Verify the identity: $$\sin{x}\cdot \tan{x}=\sec{x}-\cos{x}$$

$$\sin{x}\cdot \tan{x}=\sec{x}-\cos{x}$$ $$\sin{x} \cdot \tan{x}=\frac{1}{\cos{x}}-\cos{x}$$ $$\sin{x} \cdot \tan{x}=\frac{1}{\cos{x}}-\frac{\cos^2{x}}{\cos{x}}$$ $$\sin{x} \cdot \tan{x}=\frac{1-\cos^2{x}}{\cos{x}}$$ $$\sin{x} \cdot \tan{x}=\frac{\sin^2{x}}{\cos{x}}$$ $$\sin{x} \cdot \tan{x}=\sin{x}\cdot \frac{\sin{x}}{\cos{x}}$$ $$\sin{x} \cdot \tan{x}=\sin{x}\cdot \tan{x}$$

Evaluate the definite integral: $$\int e^{2x}\cdot cos(x)dx$$

This problem is a great example of when to use multiple application of integration by parts. Keep in mind, integration by parts tell us that: $$\int u\cdot dv=u\cdot v-\int v\cdot du$$ For this application, it actually won't make a difference which term we use as our u and which we assign to dv. Let's look at the first application of integration by parts: $$u=e^{2x}\rightarrow du=2\cdot e^{2x}dx$$ $$dv=cos(x)dx\rightarrow v=sin(x)$$ $$\int e^{2x}\cdot cos(x)dx=e^{2x}\cdot sin(x)-\int 2 e^{2x}\cdot sin(x) dx$$ Doesn't seem much simpler, right? Well, let's apply integration by parts again, this time to the integral created in the first application. $$u=2e^{2x}\rightarrow du=4e^{2x}dx$$ $$dv=sin(x)dx\rightarrow v=-cos(x)$$ Putting this into our equation gives us: $$\int e^{2x}\cdot cos(x)dx=e^{2x}\cdot sin(x)-[-2e^{2x}\cdot cos(x)-\int -4e^{2x}\cdot cos(x)dx]$$ This looks messier, but it's actually close to done. Let's distribute all negatives and pull all constants out of our integral. $$\int e^{2x}\cdot cos(x)dx=e^{2x}\cdot sin(x)+2e^{2x}\cdot cos(x)-4\int e^{2x}\cdot cos(x)dx$$ What do you notice about the original integral we were trying to solve and the integral at the end of the expression? They are the same! Let's combine them on the left side. $$5\int e^{2x}\cdot cos(x)dx=e^{2x}\cdot sin(x)+2e^{2x}\cdot cos(x)$$ Now we simply divide by the coefficient and... $$\int e^{2x}\cdot cos(x)dx=\frac{e^{2x}\cdot sin(x)+2e^{2x}\cdot cos(x)}{5}+C$$ Voila! The solution!

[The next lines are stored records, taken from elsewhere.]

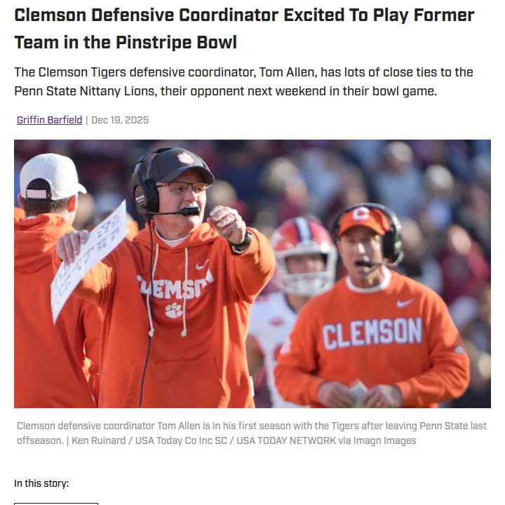 Jeffrey Armstrong+FollowTom Allen Faces Old Squad in Pinstripe BowlHow’s this for a storyline? Clemson’s new D-coordinator, Tom Allen, is set to call plays against his old crew, the Nittany Lions, in the Pinstripe Bowl at Yankee Stadium. Last year, Allen helped lead Penn State to the Natty, but now he’s got to outsmart his former players and coaching buddies. Can Allen’s Tigers defense shut down Penn State’s rising QB, Grunkemeyer, who he used to coach on scout team? This reunion is packed with emotion and insider chess moves! #Sports #Football #ClemsonTigers00Share
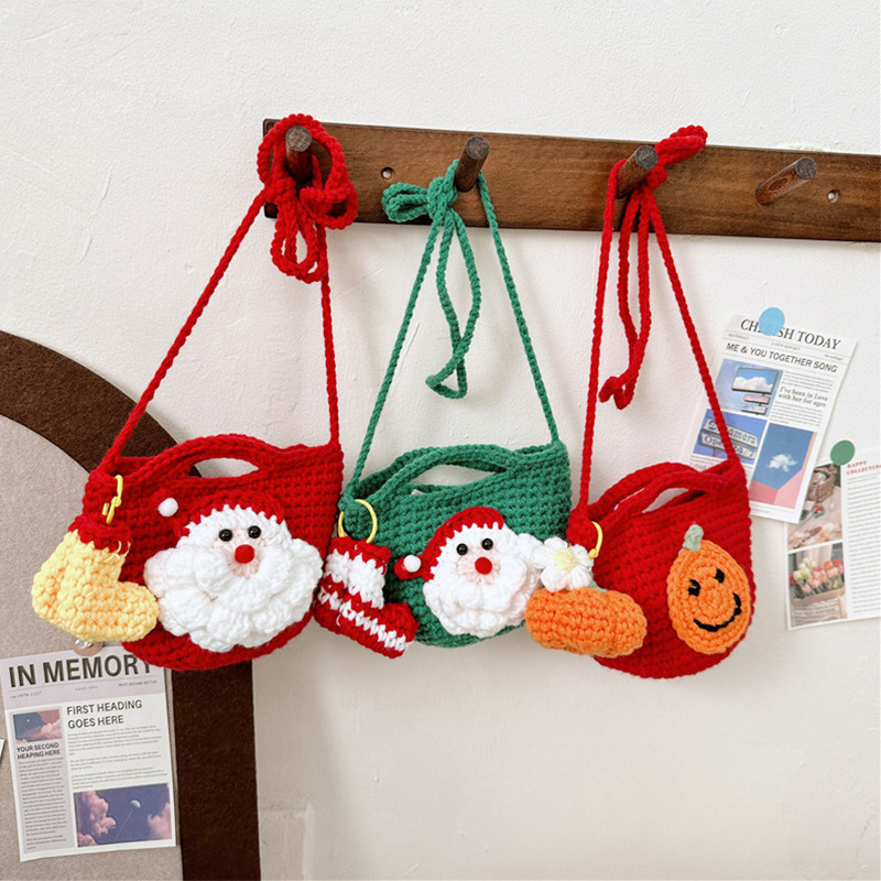 어린이 가방 가을과 겨울 새로운 만화 귀여운 양모 짠 가방 유럽과 미국 산타 클로스 수제 니트 가방 크로스 바디 백스토어 가기
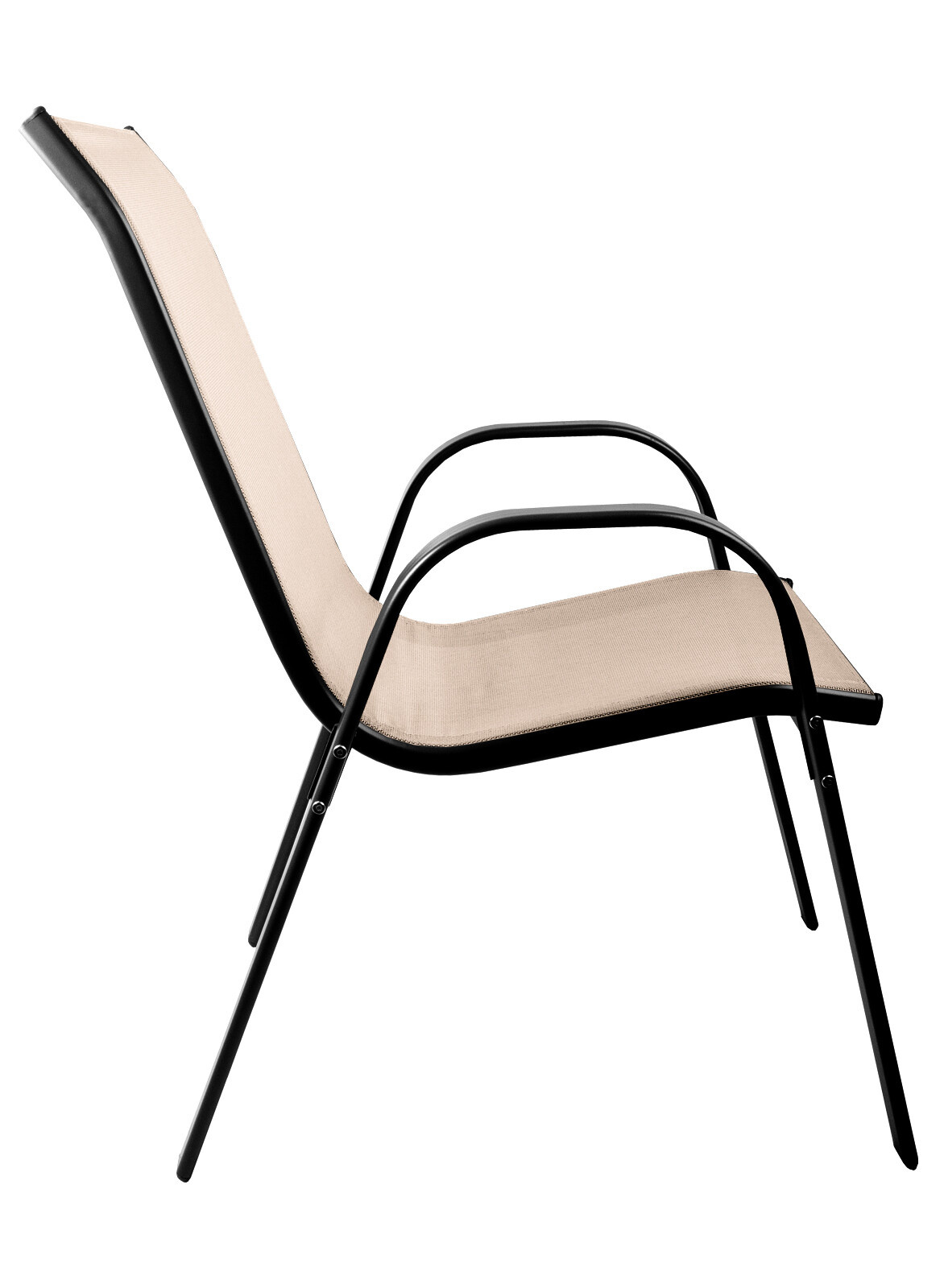 Vrtni stol z lahkim kovinskim okvirjem, v modernem dizajnu, primeren za vrtove, terase, verande, balkone ali plaže.
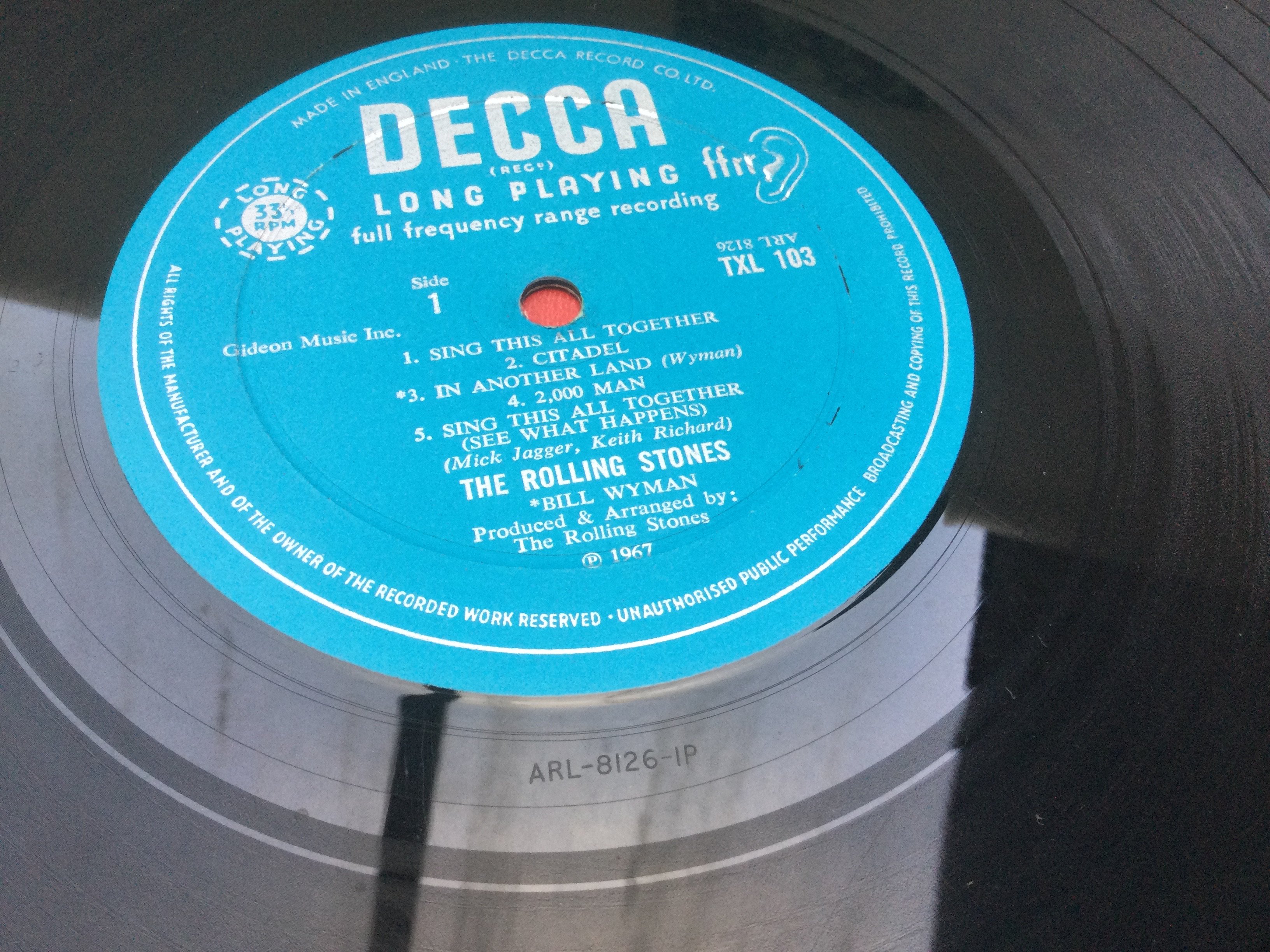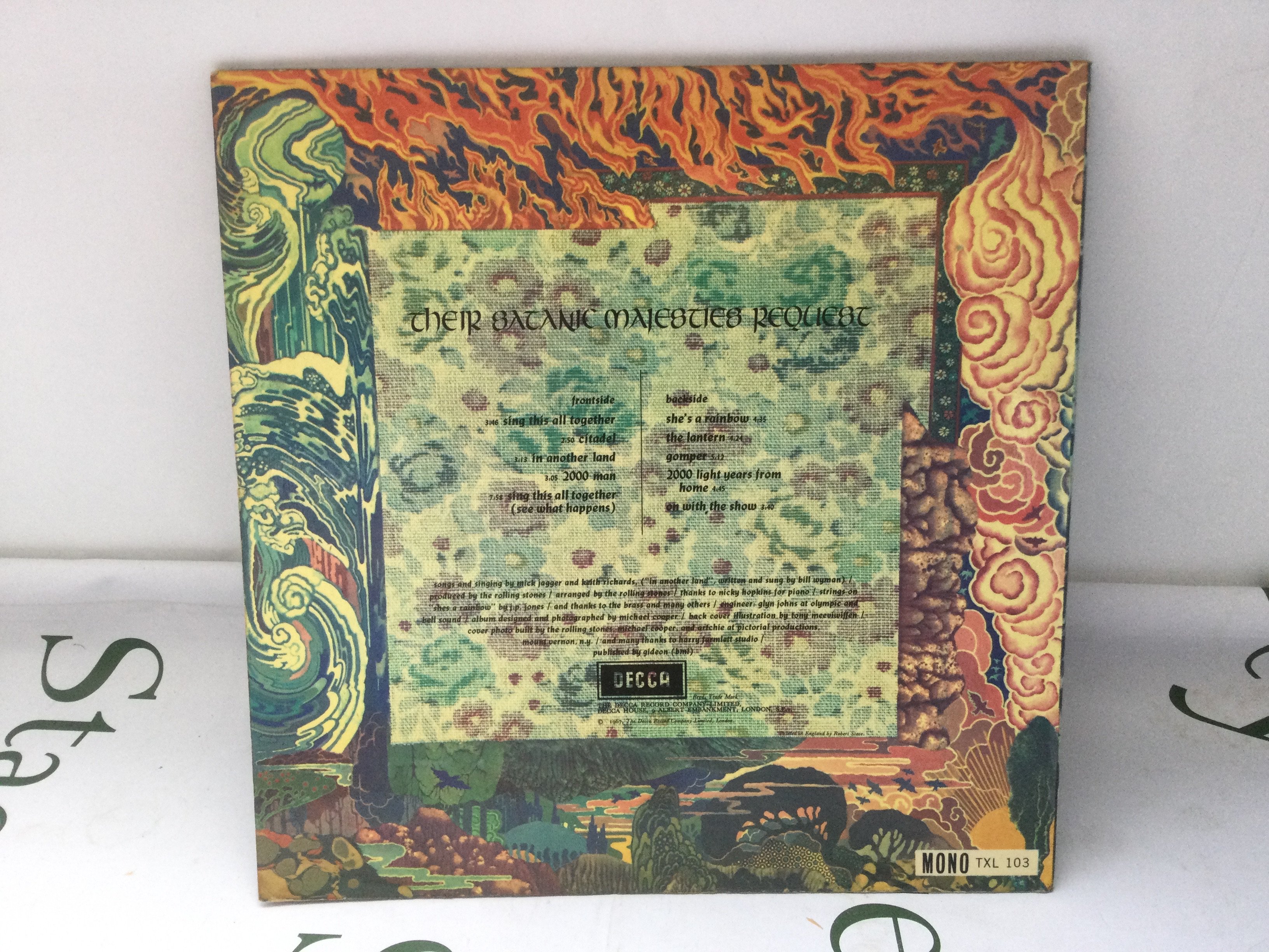 A first UK mono pressing of The Rolling Stones LP Their Satanic Majesties Request, TXL 103 with turquoise deep groove Decca label and 1P/ P1 matrix. Includes original red and white printed inner sleeve. Vinyl and sleeve both EX, inner sleeve VG+.

Find all the solutions to the equation using factoring: $$x^4+4x^3-3x^2-12x=0$$

The first thing we need to do is determine if there are any common factors to the terms. We see that there is one: x. Factoring x out of every term gives us: $$x(x^3+4x^2-3x-12)=0$$ Now we need to determine how we will factor the polynomial that remains in the parentheses. Since this is a third-degree polynomial with four terms I would typically try factoring by grouping. This means we take the first two terms and factor out what they have in common and then take the third and fourth terms and factor what they have in common. If all goes according to plan, we should get the same term remaining from each group. $$x[x^2(x+4)-3(x+4)]=0$$ It worked! So now we can factor the common term from the inside, which is $$(x+4)$$. $$x(x-4)(x^2-3)=0$$ Now we simply apply the zero product property by taking each factored term and setting it equal to 0. $$ x=0$$ $$ x-4=0 \rightarrow x=4$$ $$x^2-3=0 \rightarrow x^2=3 \rightarrow x=\pm\sqrt{3}$$